Exercise:
Copy only the lines from the one with "Transmission Differential Sleeve" through the end of the records, exactly as they stand. No pictures belong in the copy.

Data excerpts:
-=-=-=-=-

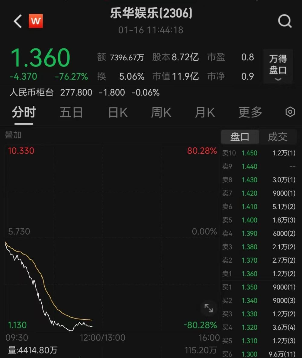 金融界 1 月 16 日消息 " 艺人经纪第一股 " 港股乐华娱乐今日持续走低,目前大跌近 80%,盘中一度跌超 80%。
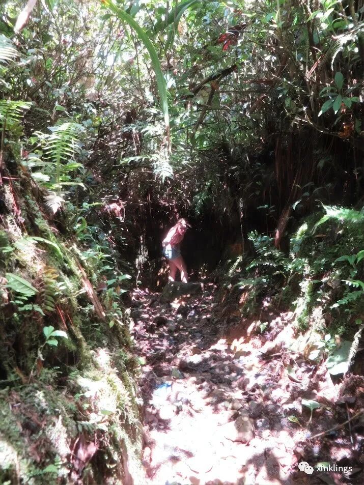 11时许栗山和克莉丝出发,她们边走边拍照,13时许顺利到了山顶(被称为Mirador,有瞭望台的意思,在那里周围雨林的风景一览无余)。海拔1,890米的山顶有让人们除非有导游带领需原路返回的警示。继续往前走,丛林里有一个瀑布,可是路况复杂,人们很容易迷路,旅行者几乎从不会走这条路线,原住民和当地居民为了抄近路,偶尔会从这里经过,可是他们会随身带着开山刀开路。不知什么原因,两个女孩儿没有下山,反而决定向北深入雨林。她们没有携带食物、帐篷、防水装备,其实根本不适合长时间徒步。当时已经13时,即使她俩只再往前走1小时就返回,回到步道起点也要傍晚了。
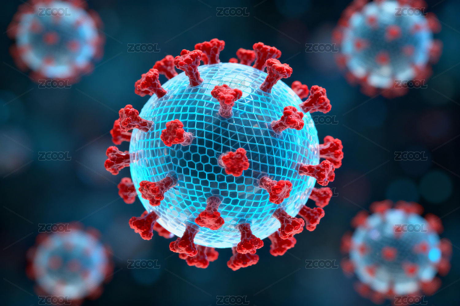 蓝色病毒颗粒红突起
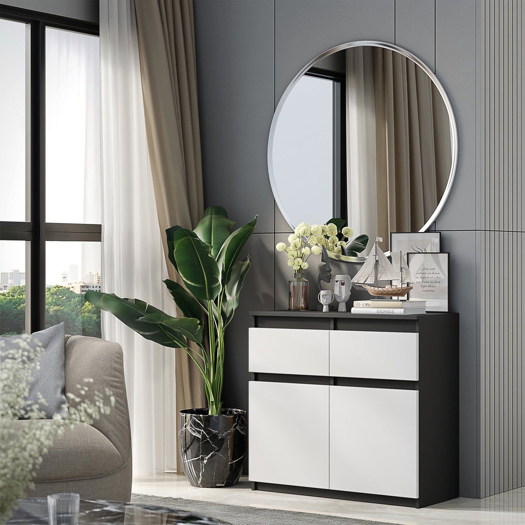 Angesichts der makellosen technischen Seite dieses Schranks denken Sie wahrscheinlich an seine optische Seite. Aber auch dieser wird Sie nicht enttäuschen - er ist ein vielseitiges Möbelstück. Die matte Farbkombination aus Anthrazit und Weiß wirkt äußerst cool, frisch und stilvoll. Diese Art von Duo, kombiniert mit einem schlichten Design, wird Ihnen jahrelang erhalten bleiben und trotzdem sehr modern aussehen. Eine Kommode mit zwei Schubladen wie diese ist ein wahrer Schatz für Ihre Wohnung.
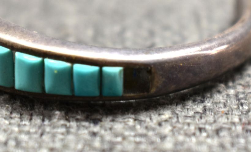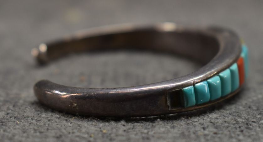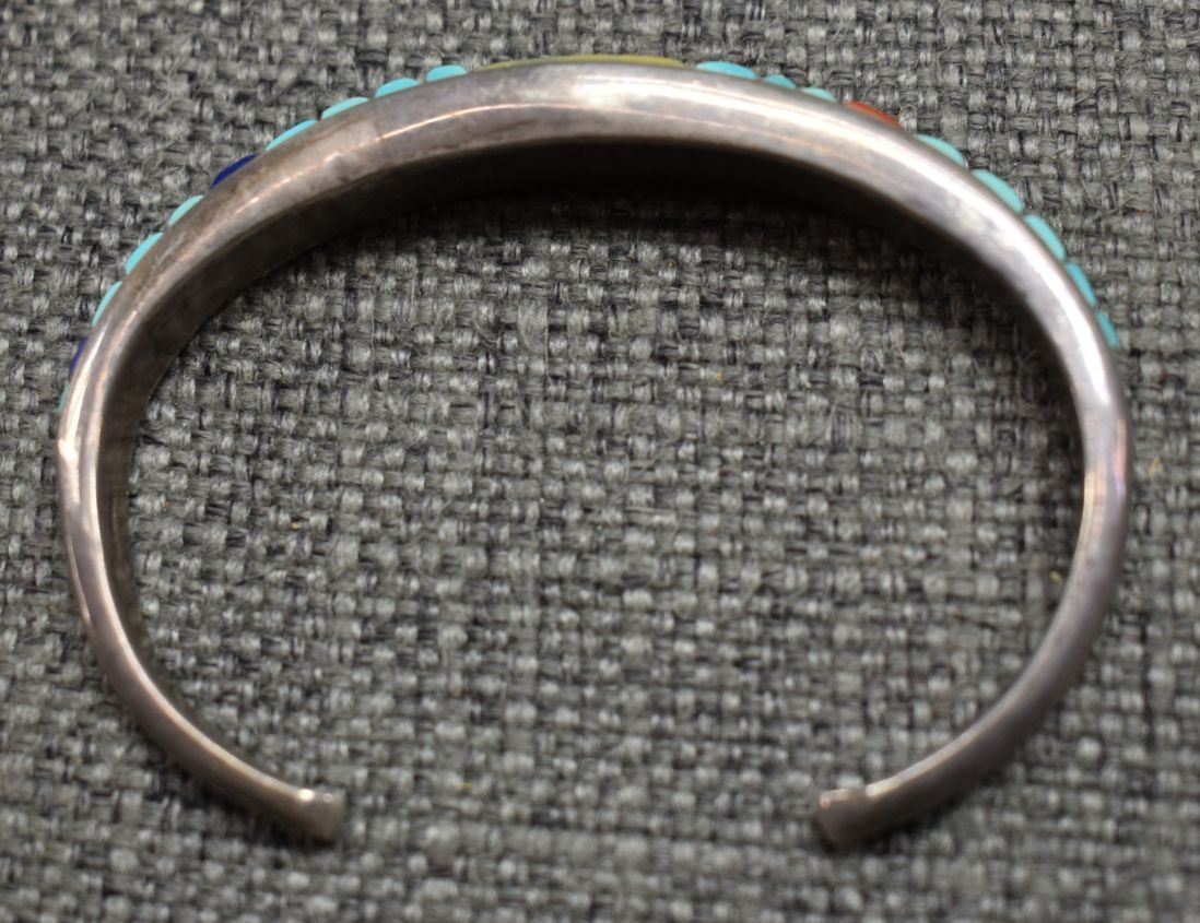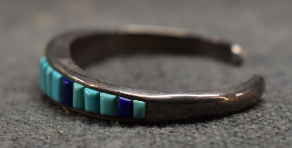 1980's Navajo. Sterling silver turquoise lapis and shell bracelet. .5'' x 5.5'' x 1.25''. Total weight 30 grams
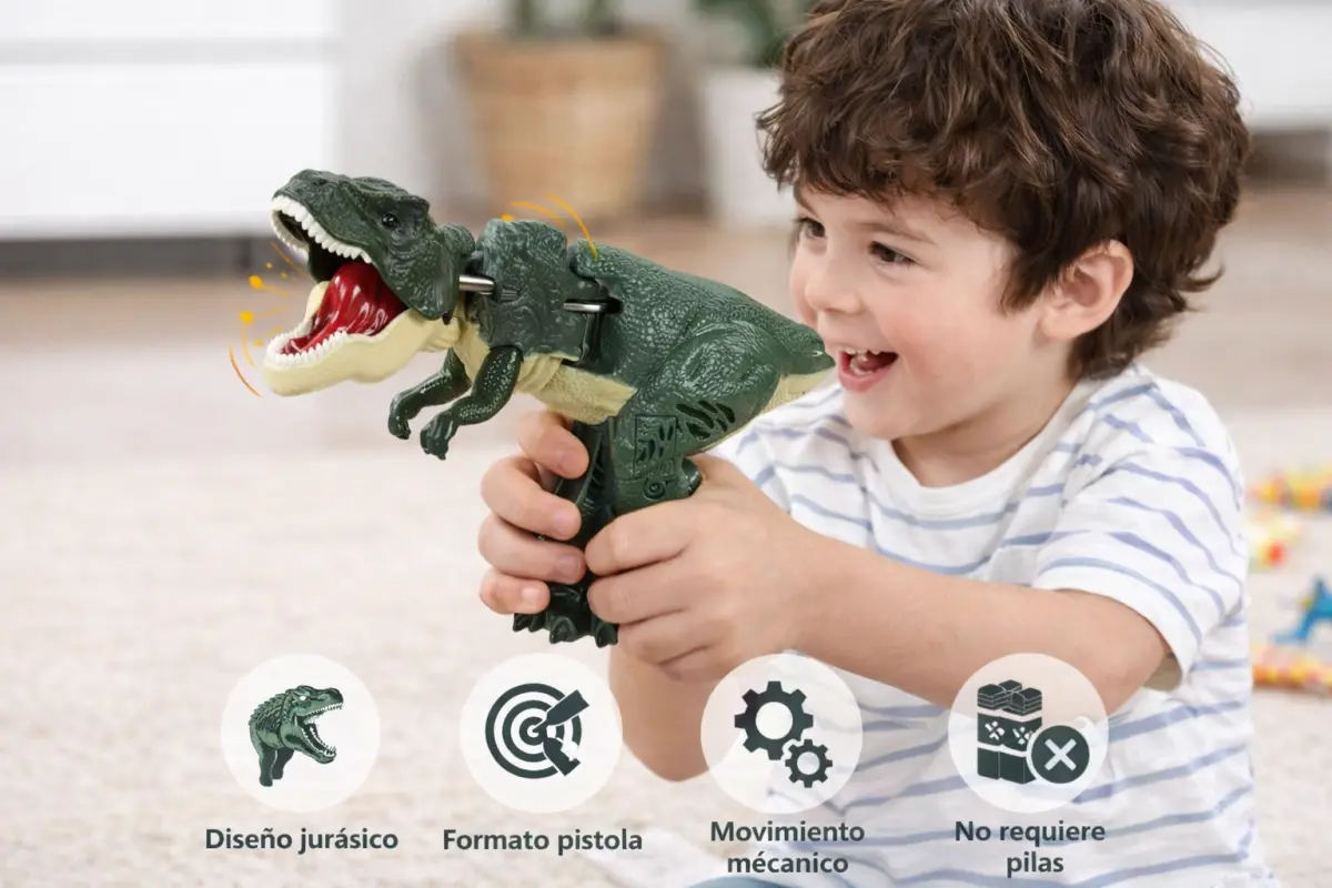Divertido juguete inspirado en la era jurásica, que combina el diseño de un dinosaurio tipo T-Rex con la acción de una pistola interactiva. Al presionar el gatillo, el dinosaurio cobra vida con movimiento mecánico, simulando un ataque realista que estimula la imaginación y el juego creativo de los niños.
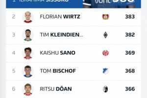 据日本博主“Japan Soccer Fan”援引德甲官方数据统计,在德甲联赛官方公布的对抗成功数统计中,佐野海舟和堂安律也都在榜,其中佐野海舟以369次成功对抗排在联赛第4位,堂安律也是以366次位列第6位。
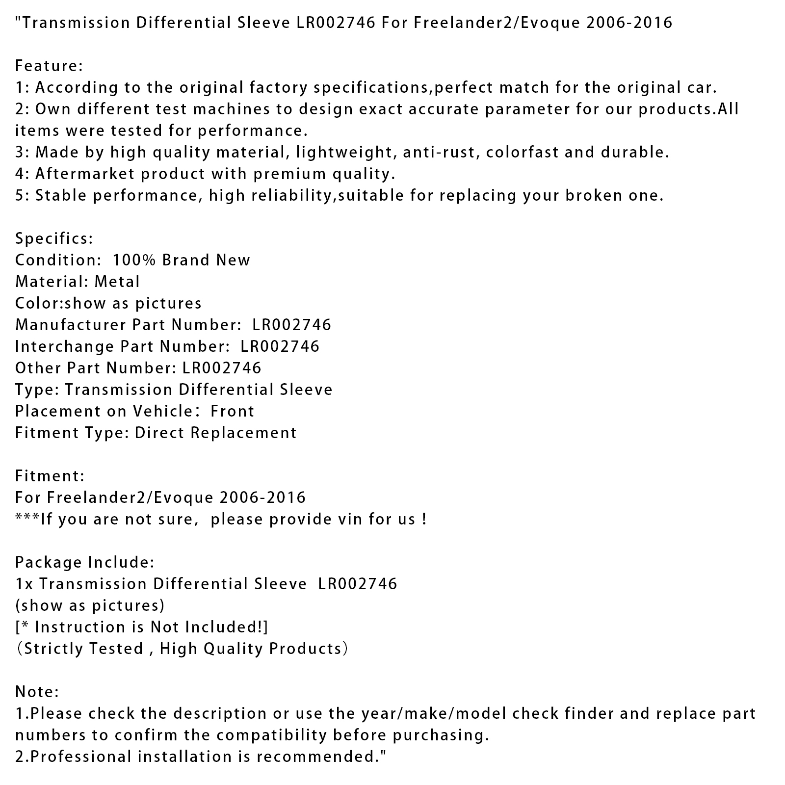 Transmission Differential Sleeve LR002746 For Freelander2/Evoque 2006-2016
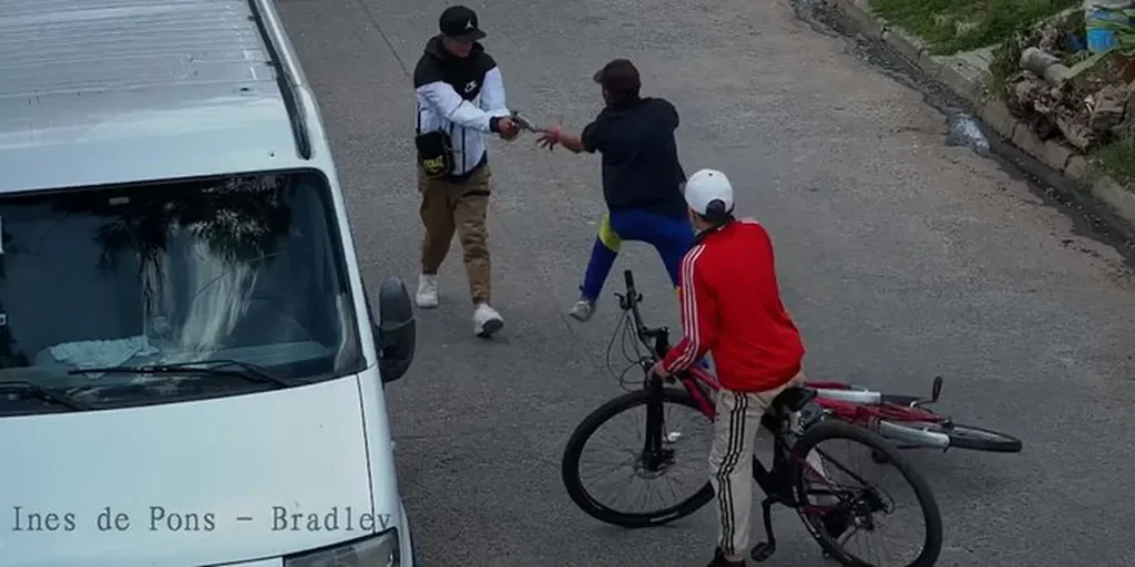 En el video se observa que los tres hombres venían hablando normalmente, cuando Sebastián sacó el arma de su morral y le disparó a la víctima que estaba por llegar a su casa. Diego saltó de la bicicleta e intentó retener al agresor para que no le disparara nuevamente.

-=-=-=-=-

Solution to this task:
 Transmission Differential Sleeve LR002746 For Freelander2/Evoque 2006-2016
 En el video se observa que los tres hombres venían hablando normalmente, cuando Sebastián sacó el arma de su morral y le disparó a la víctima que estaba por llegar a su casa. Diego saltó de la bicicleta e intentó retener al agresor para que no le disparara nuevamente.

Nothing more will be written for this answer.